**DATA EXTRACT**.

· · ·

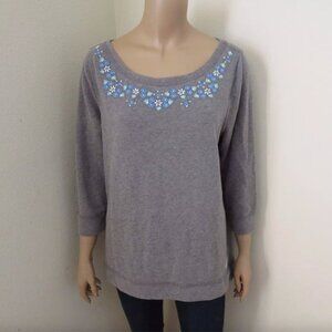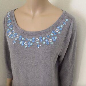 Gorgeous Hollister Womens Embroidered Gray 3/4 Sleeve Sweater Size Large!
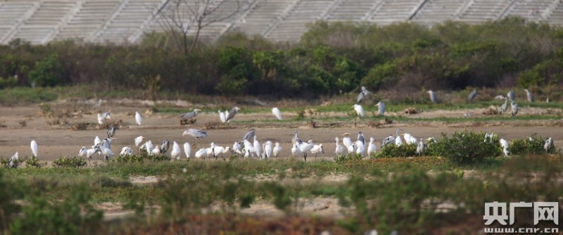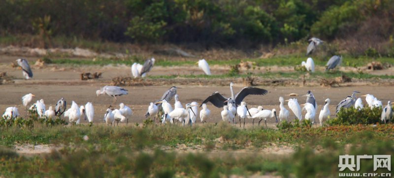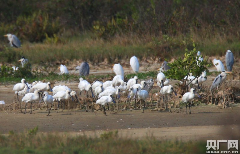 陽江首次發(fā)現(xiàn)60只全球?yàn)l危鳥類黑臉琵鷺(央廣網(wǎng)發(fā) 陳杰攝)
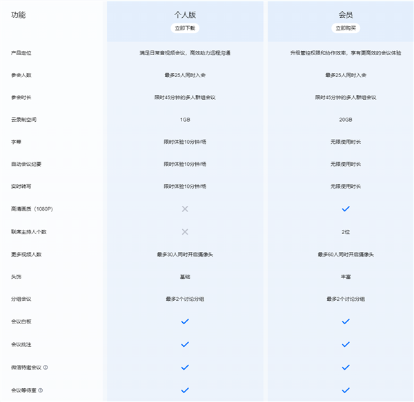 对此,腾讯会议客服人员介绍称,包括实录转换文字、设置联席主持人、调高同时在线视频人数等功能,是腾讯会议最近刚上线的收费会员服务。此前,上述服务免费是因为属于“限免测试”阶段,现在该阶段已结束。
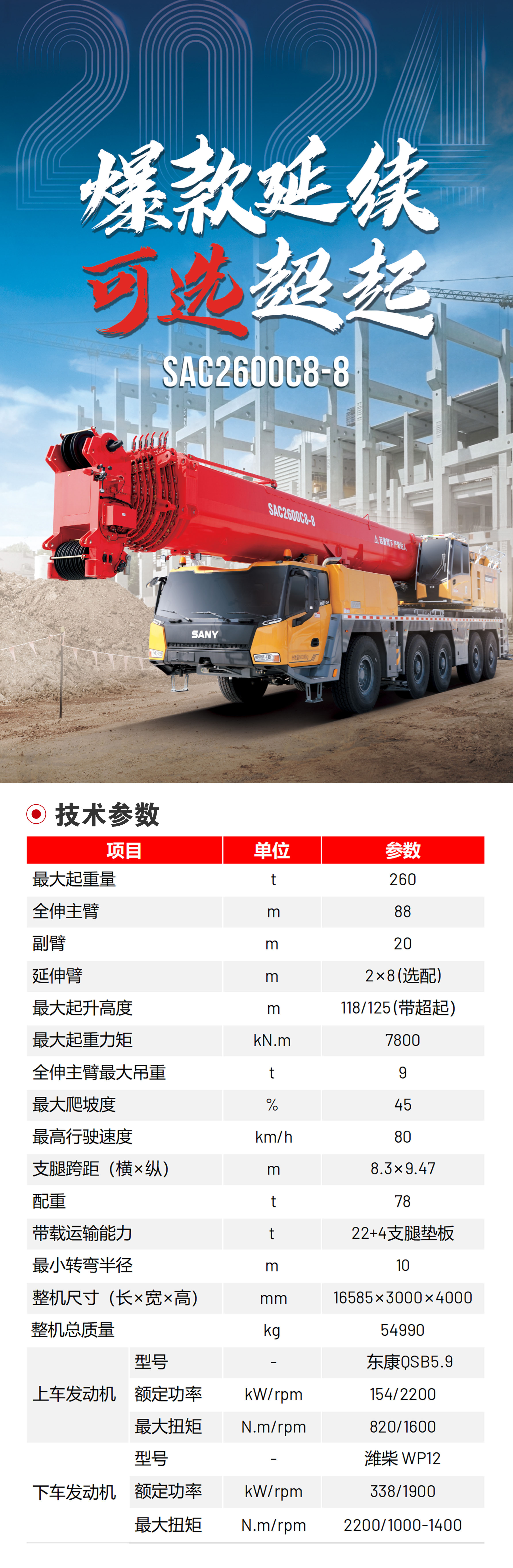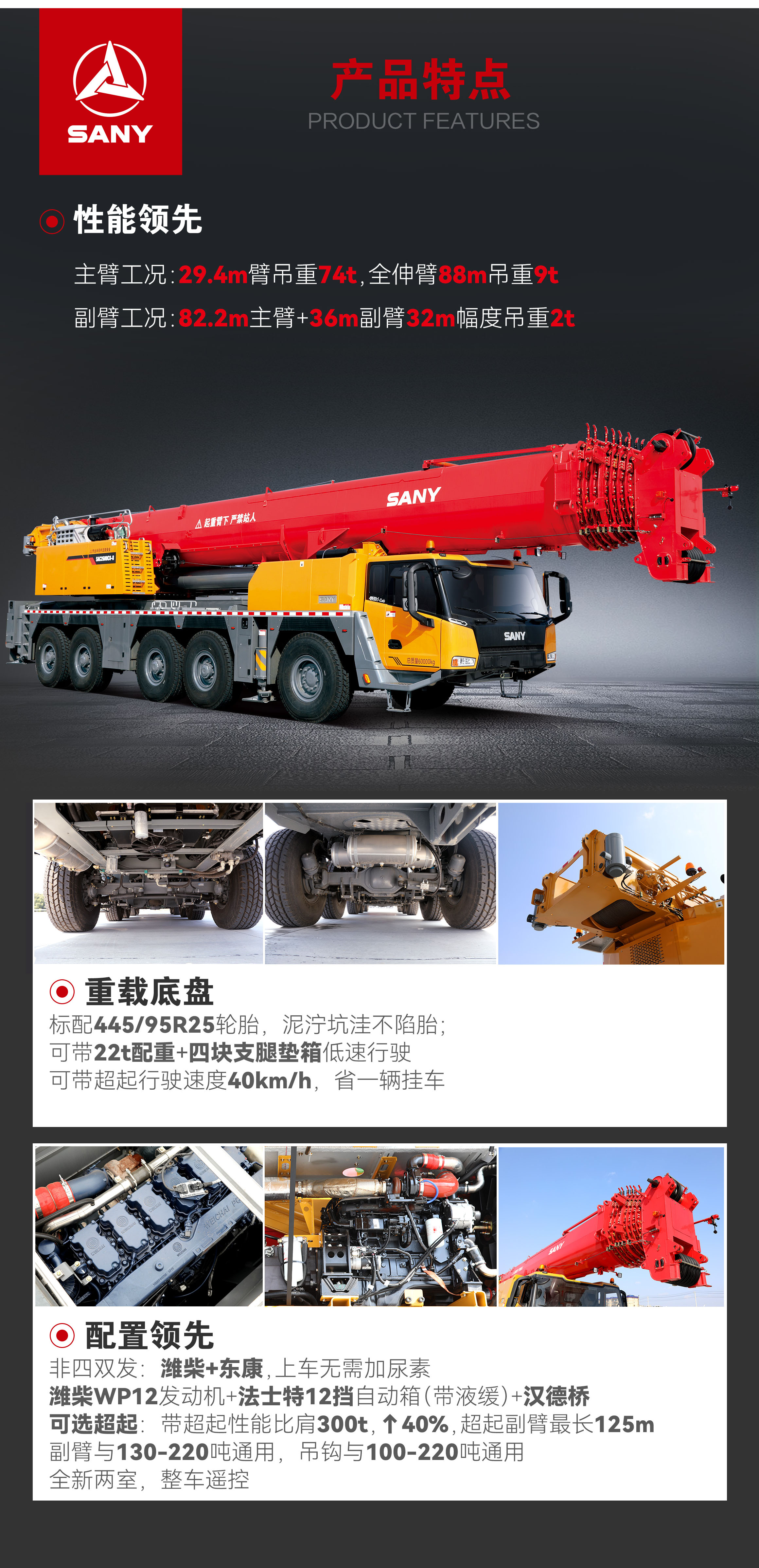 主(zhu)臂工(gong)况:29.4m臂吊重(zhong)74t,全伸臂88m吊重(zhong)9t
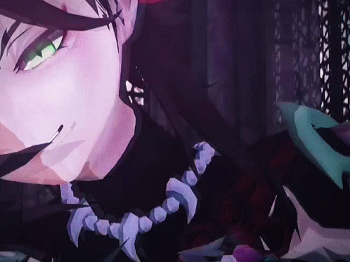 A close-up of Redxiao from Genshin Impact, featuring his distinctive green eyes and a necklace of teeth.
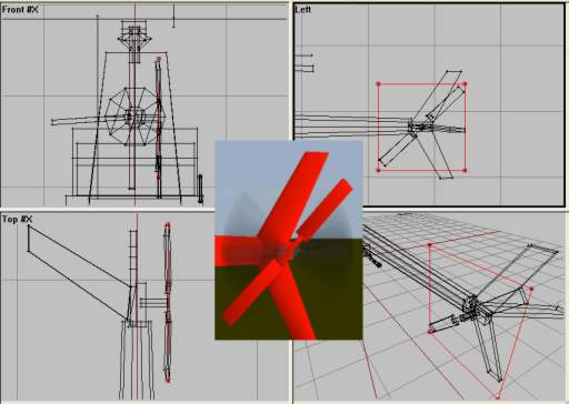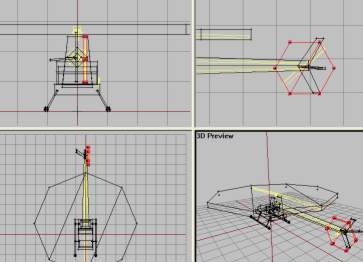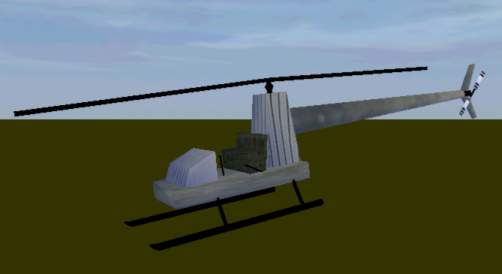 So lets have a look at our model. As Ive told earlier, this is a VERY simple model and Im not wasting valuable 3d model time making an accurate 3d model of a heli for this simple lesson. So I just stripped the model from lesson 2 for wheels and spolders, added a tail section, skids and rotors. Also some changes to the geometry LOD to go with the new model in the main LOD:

· · ·

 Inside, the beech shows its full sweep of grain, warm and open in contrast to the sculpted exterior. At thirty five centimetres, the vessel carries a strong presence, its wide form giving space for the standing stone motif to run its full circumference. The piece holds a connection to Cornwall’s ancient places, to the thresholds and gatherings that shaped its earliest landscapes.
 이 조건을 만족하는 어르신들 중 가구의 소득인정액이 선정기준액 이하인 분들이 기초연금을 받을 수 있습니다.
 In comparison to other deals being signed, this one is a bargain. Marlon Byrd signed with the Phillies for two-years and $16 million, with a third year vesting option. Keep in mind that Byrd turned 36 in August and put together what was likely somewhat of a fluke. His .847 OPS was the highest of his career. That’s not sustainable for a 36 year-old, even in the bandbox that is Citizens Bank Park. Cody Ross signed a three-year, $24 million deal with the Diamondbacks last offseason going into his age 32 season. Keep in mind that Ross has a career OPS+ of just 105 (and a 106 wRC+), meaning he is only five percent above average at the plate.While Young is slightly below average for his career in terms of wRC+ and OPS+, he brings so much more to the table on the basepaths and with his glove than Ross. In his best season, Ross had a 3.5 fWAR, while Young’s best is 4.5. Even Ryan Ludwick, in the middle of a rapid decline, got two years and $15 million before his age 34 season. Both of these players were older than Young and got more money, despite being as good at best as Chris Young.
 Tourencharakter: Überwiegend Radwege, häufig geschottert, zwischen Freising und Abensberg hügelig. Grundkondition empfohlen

· · ·

**WHAT IS EXPECTED**. Copy the lines above exactly, starting at the one with "Gorgeous Hollister Womens" and ending at the one with "主(zhu)臂工(gong)", both included. Leave out any pictures and add nothing else.

**EXERCISE ANSWER**.
 Gorgeous Hollister Womens Embroidered Gray 3/4 Sleeve Sweater Size Large!
 陽江首次發(fā)現(xiàn)60只全球?yàn)l危鳥類黑臉琵鷺(央廣網(wǎng)發(fā) 陳杰攝)
 对此,腾讯会议客服人员介绍称,包括实录转换文字、设置联席主持人、调高同时在线视频人数等功能,是腾讯会议最近刚上线的收费会员服务。此前,上述服务免费是因为属于“限免测试”阶段,现在该阶段已结束。
 主(zhu)臂工(gong)况:29.4m臂吊重(zhong)74t,全伸臂88m吊重(zhong)9t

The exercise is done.